• What to do:
Take the lines from the beginning of the material through the line containing "Master bedroom: 5.0m" and retype them exactly, leaving the pictures out.

• Information supplied:
════

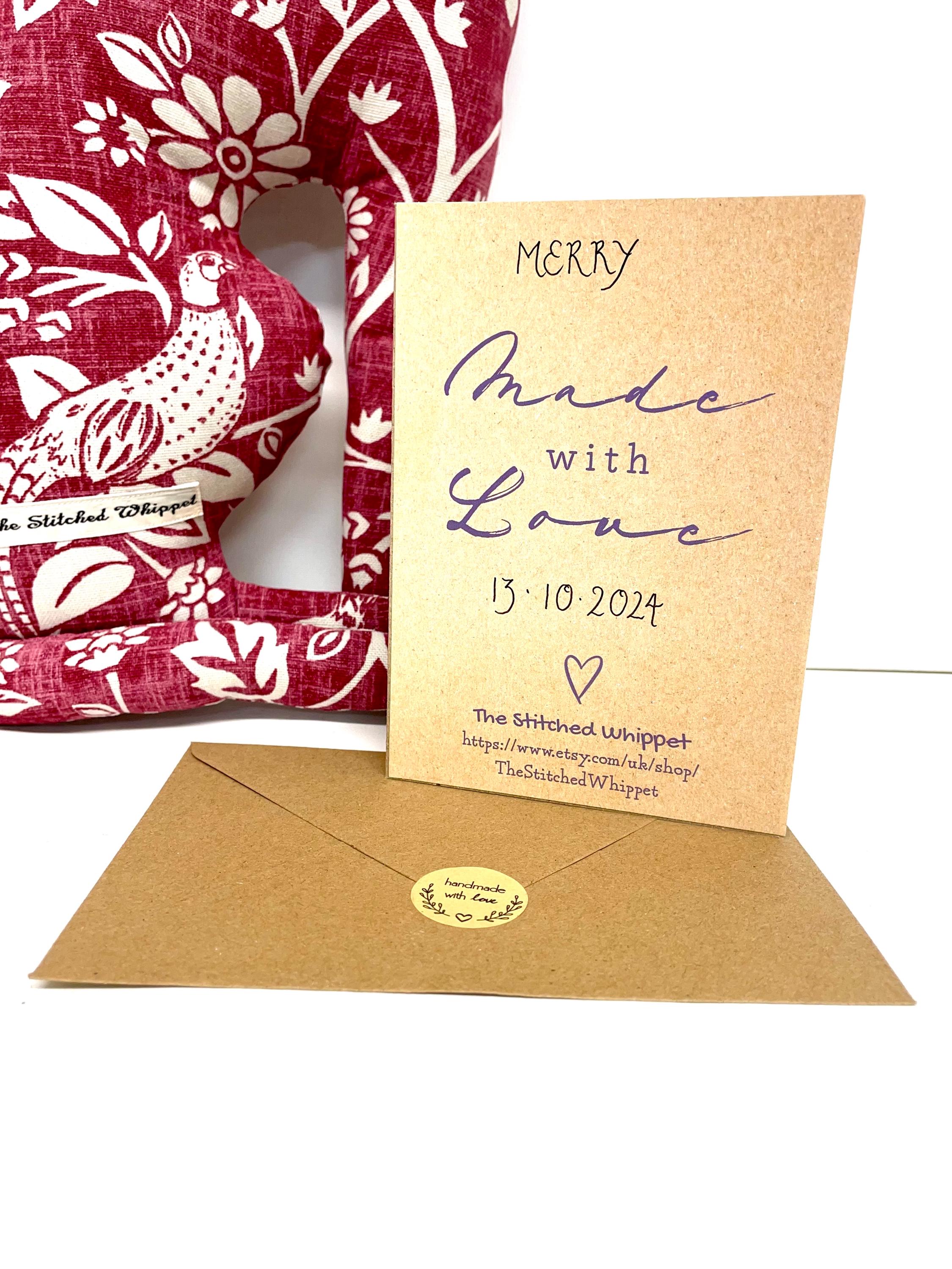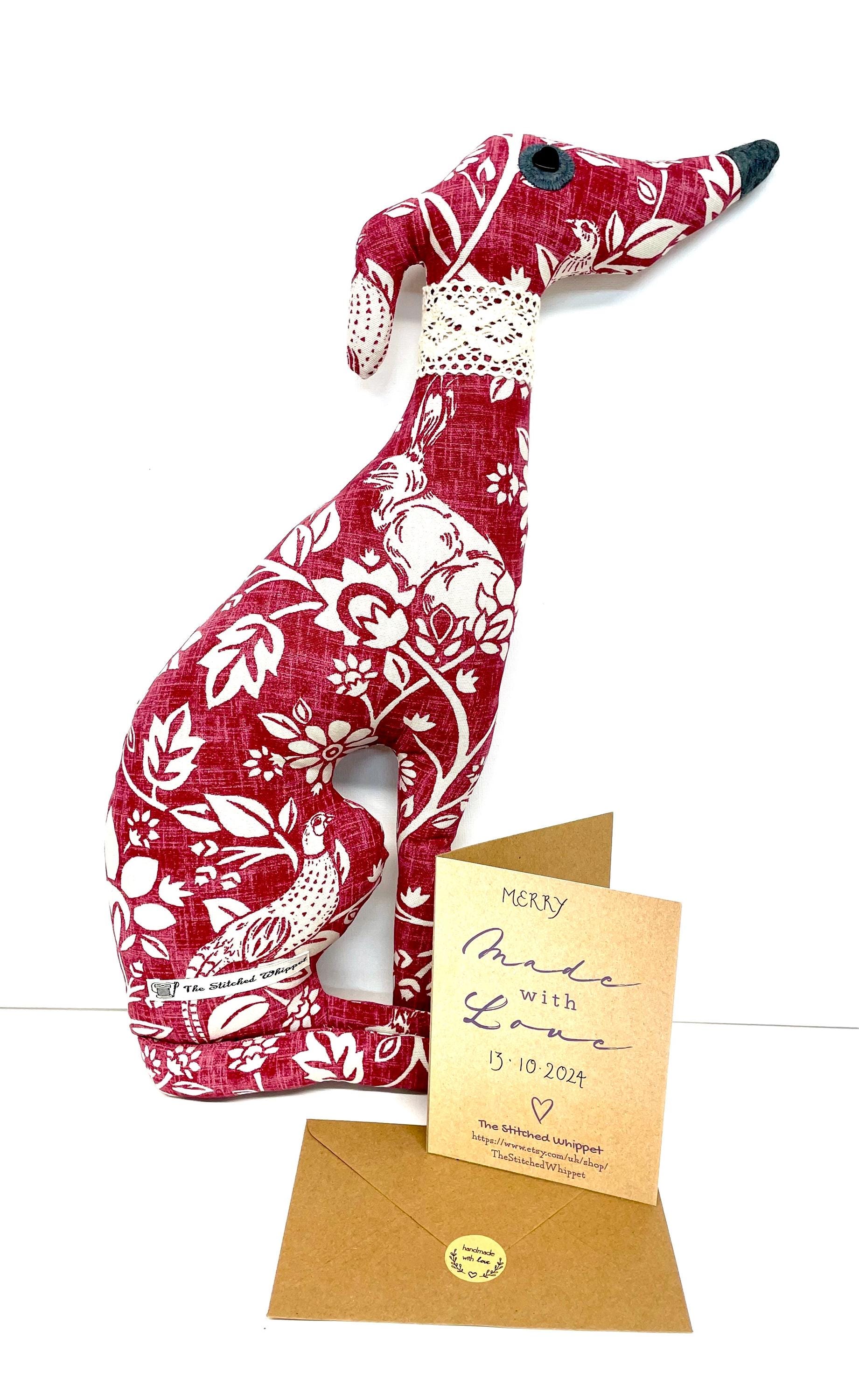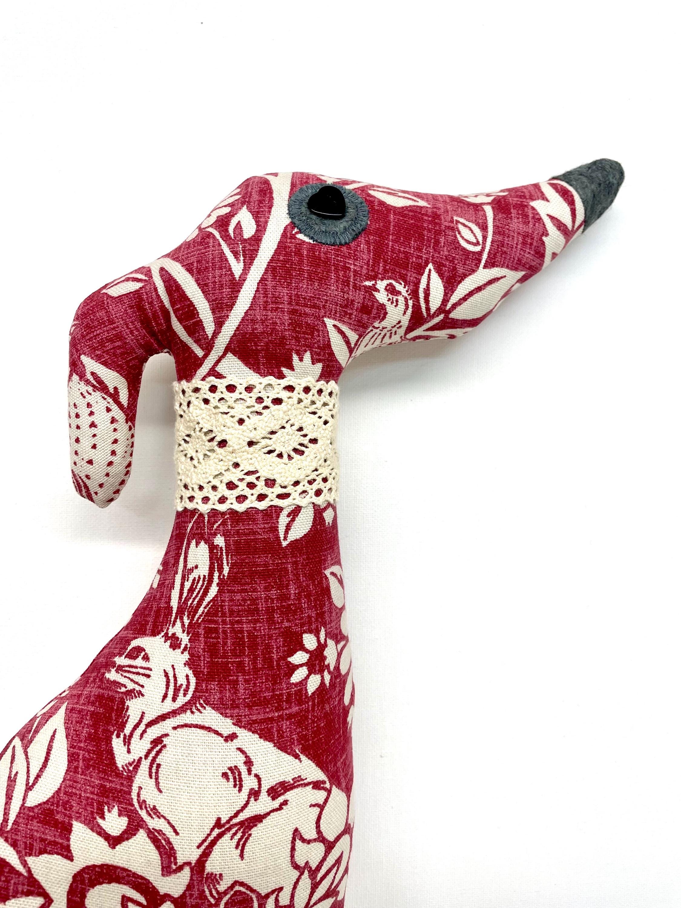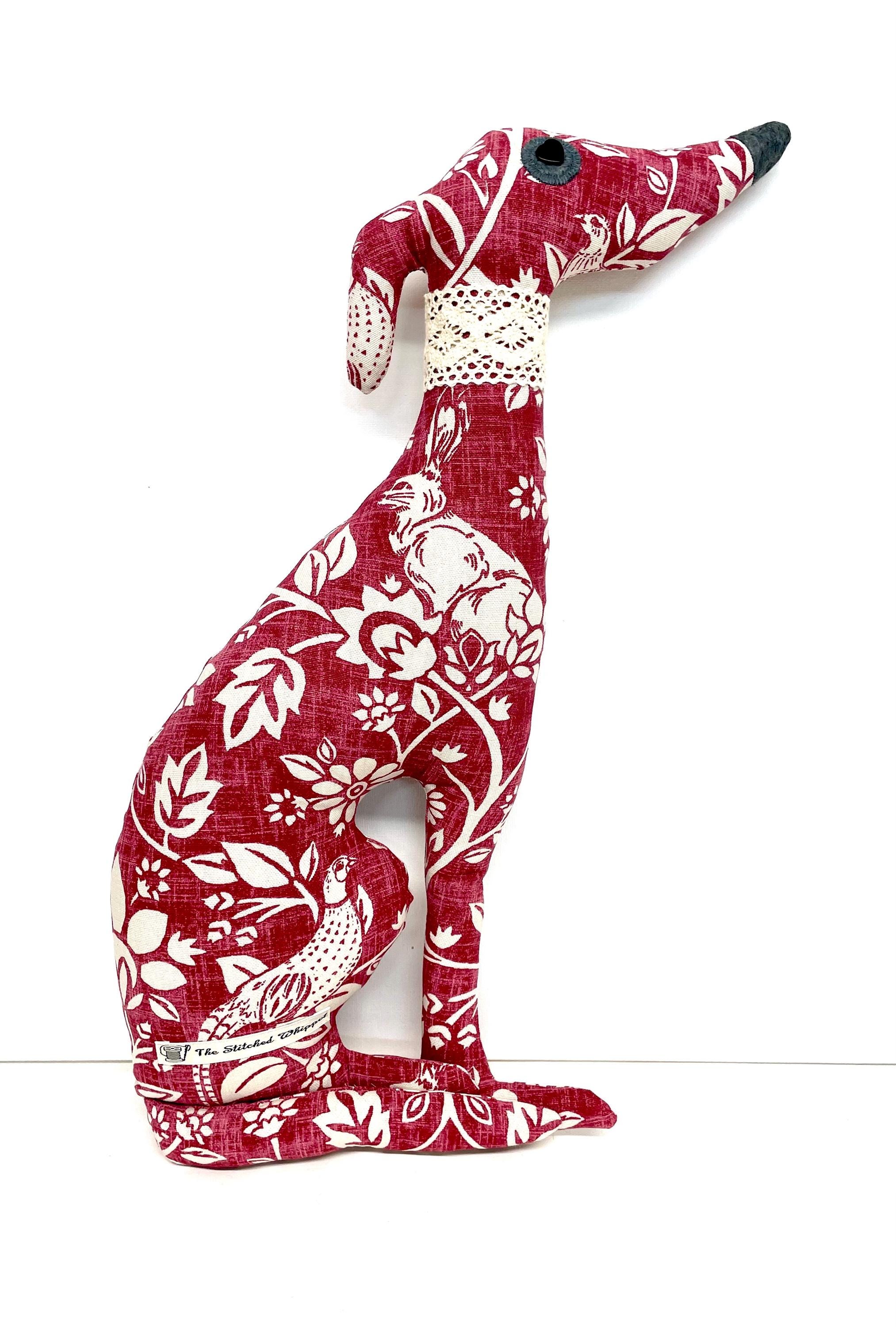 Handmade Decorative Stuffed Whippet, Merry the whippet, whippet gift, whippet plushie.
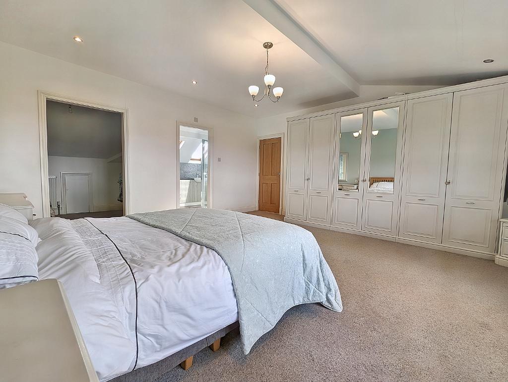 Master bedroom: 5.0m x 5.2m (16"6" x 17"1"); a spacious, bright room enjoying views to the rear over the surrounding countryside, built-in wardrobes, matching bedside tables and low voltage lighting.
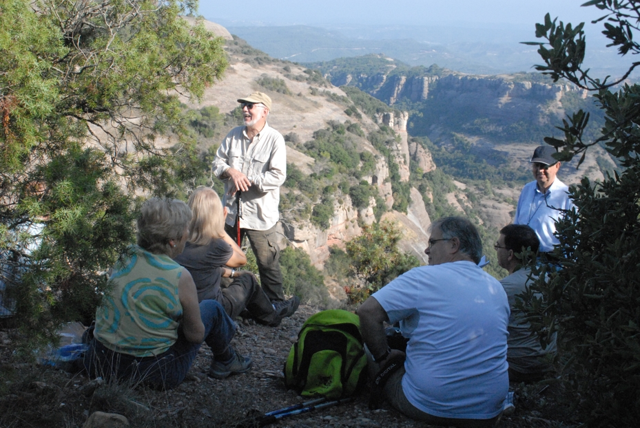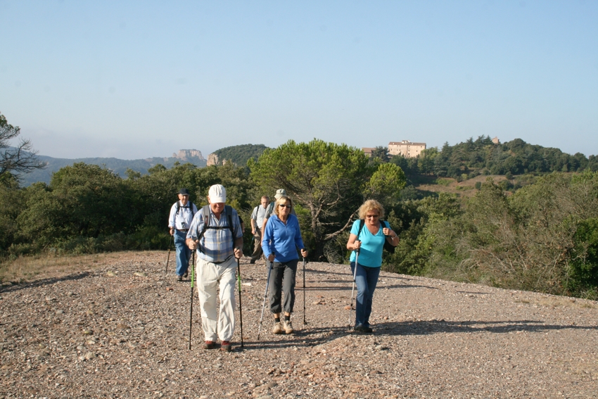 Hem seguit per la pista fins arribar a Coll d’Eres, lloc d’un antic emplaçament habitat, tot i que es desconeix de quina època ja que mai s’ha investigat. Ara cal seguir el camí de la carena del Pagès cap a la Mola i uns 200 metres més endavant hem agafat un petit sender que s’enfila a l’esquerra per un rocam. Aviat arribem a un magnífic mirador del Montcau i serra dels Emprius que ens ha servit per esmorzar.
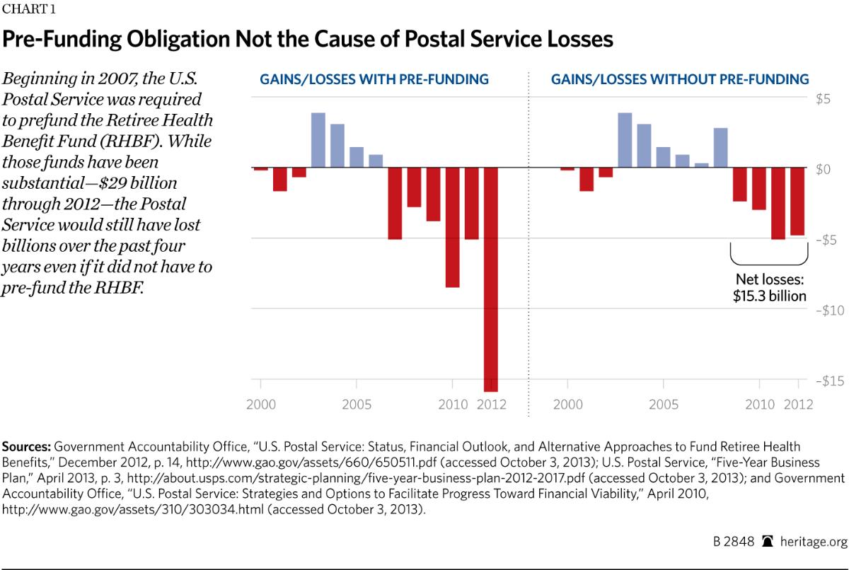 Beginning in 2007, the U.S. Postal Service was required to prefund the Retiree Health Benefit Fund (RHBF). While those funds have been substantial—$29 billion through 2012—the Postal Service would still have lost billions over the past four years even if it did not have to pre-fund the RHBF.

════

• Reply to the exercise:
 Handmade Decorative Stuffed Whippet, Merry the whippet, whippet gift, whippet plushie.
 Master bedroom: 5.0m x 5.2m (16"6" x 17"1"); a spacious, bright room enjoying views to the rear over the surrounding countryside, built-in wardrobes, matching bedside tables and low voltage lighting.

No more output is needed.